Excited or what! He rang me every morning for a week to tell me that he was bringing my favourite bottle of bubbles (tragically, at the age of 19 it was Asti Riccadonna, don't hate me). He rang every afternoon for a week to tell me mum was making a lasagne to bring (tragically, at the age of 19, I couldn't cook and mum had to supply the food, don't hate me).

It's only dinner dad, I would placate, not an audience with Oprah.

Dads are also very good at being protective of their daughters. Sons don't bother them so much.

At the tender age of 16, my brother did not come home for two nights following a win in his soccer grand final. Now, this is 1979 in the Pre-Mobile Phone Era. Was dad worried?

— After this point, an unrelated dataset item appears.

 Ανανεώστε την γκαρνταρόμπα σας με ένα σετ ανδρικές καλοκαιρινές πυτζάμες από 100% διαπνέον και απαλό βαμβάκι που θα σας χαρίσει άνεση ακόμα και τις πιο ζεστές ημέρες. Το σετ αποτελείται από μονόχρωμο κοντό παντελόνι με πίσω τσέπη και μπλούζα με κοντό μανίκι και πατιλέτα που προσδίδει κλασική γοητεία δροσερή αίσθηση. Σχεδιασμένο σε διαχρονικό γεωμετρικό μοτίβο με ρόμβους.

But when I went to my school dances, dad would unashamedly walk into the hall 15 minutes before finishing time and come looking for me. Once, I was doing something naughty like having a fag in the loo or pashing a boy under a table, and heard my dad's voice over the speaker, "Bronwyn, this is your father, come home with me now please."

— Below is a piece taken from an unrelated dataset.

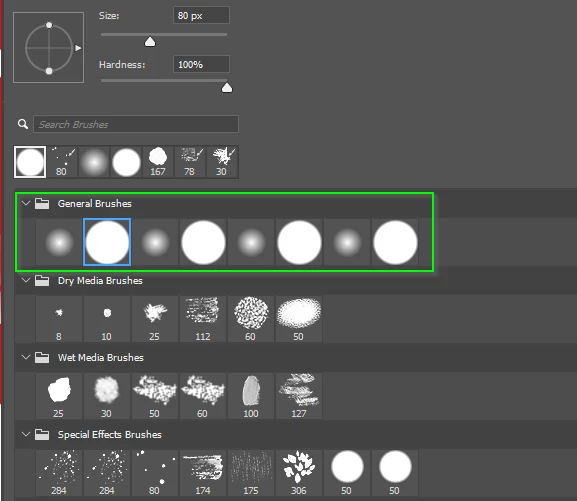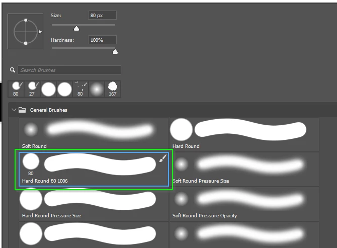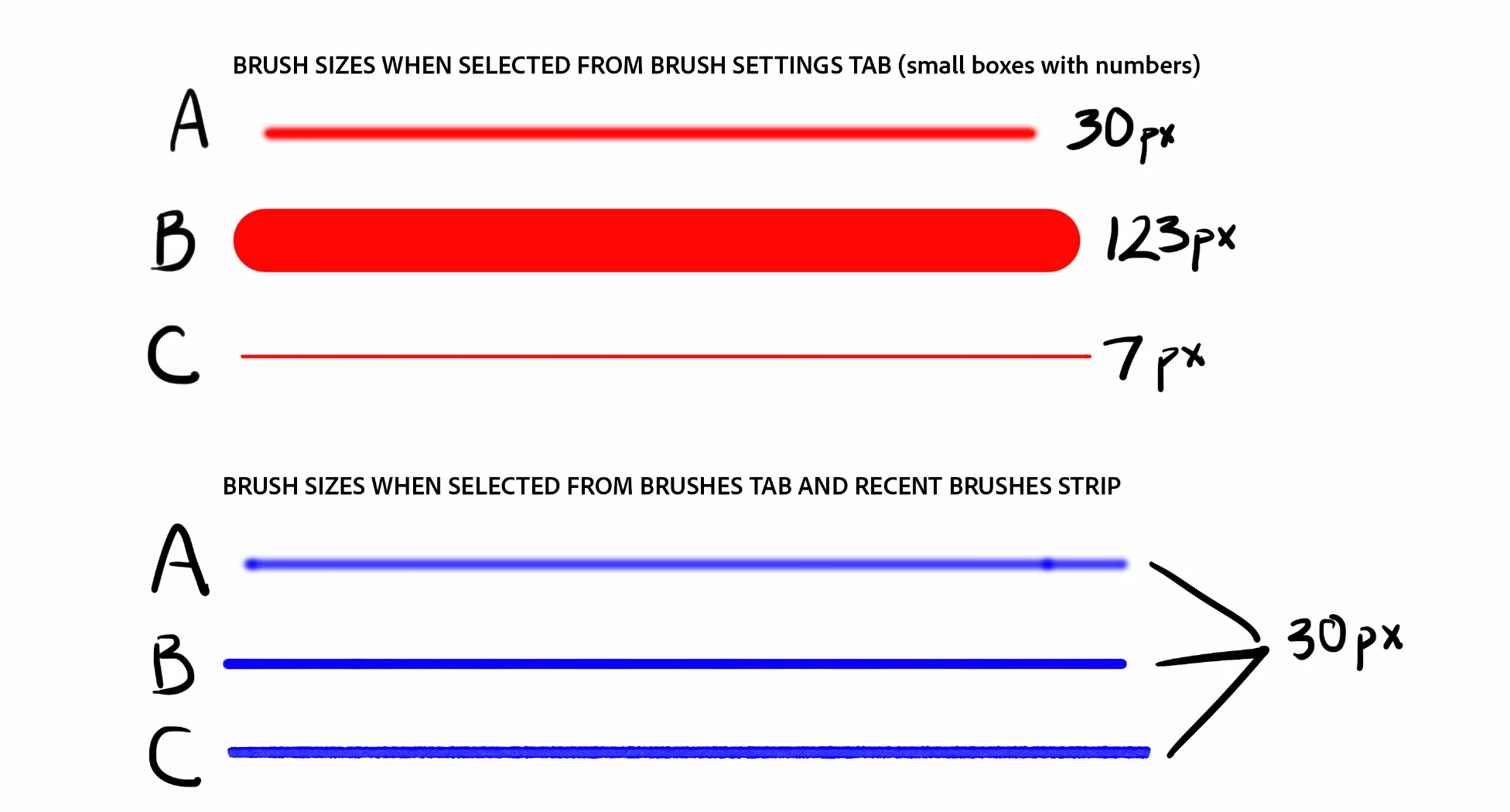 Recently used brushes strip: Selecting a previous brush doesn't revert it to its previous tip size

I would rather have been at work and heard Osama bin Laden's voice on the PA system saying, "This is your building security manager speaking."

Dads have patience. In the swimming pool, my father would stand astride about two metres from the pool edge for seemingly hours, so his three children in military order could dive in and swim between his legs.

I tried it once with my daughter when she was about six. I grew bored by the third dive even though I was holding my wine, and had to get her father to relieve me. Of course, as he was a dad, he was fittingly capable of remaining in that position all afternoon or until our young princess grew weary - whichever came first.

In my defence, I brought him a beer and the cricket score.

They also have a touch of Captain Obvious. One time dad rang me when I was in my doctor's waiting room. After telling him where I was he replied "so are you waiting to see the doctor?" Or when I hand him a cup of tea he says "is that for me?"

"No dad, it's for the guy next door. He sells vacuum cleaners for a living, listens to AM and is completely hairless but I'm attracted to him.

"Of course it's bloody well for you! "

Save the earth. Not only is it the only planet with chocolate, it's the only planet with dads.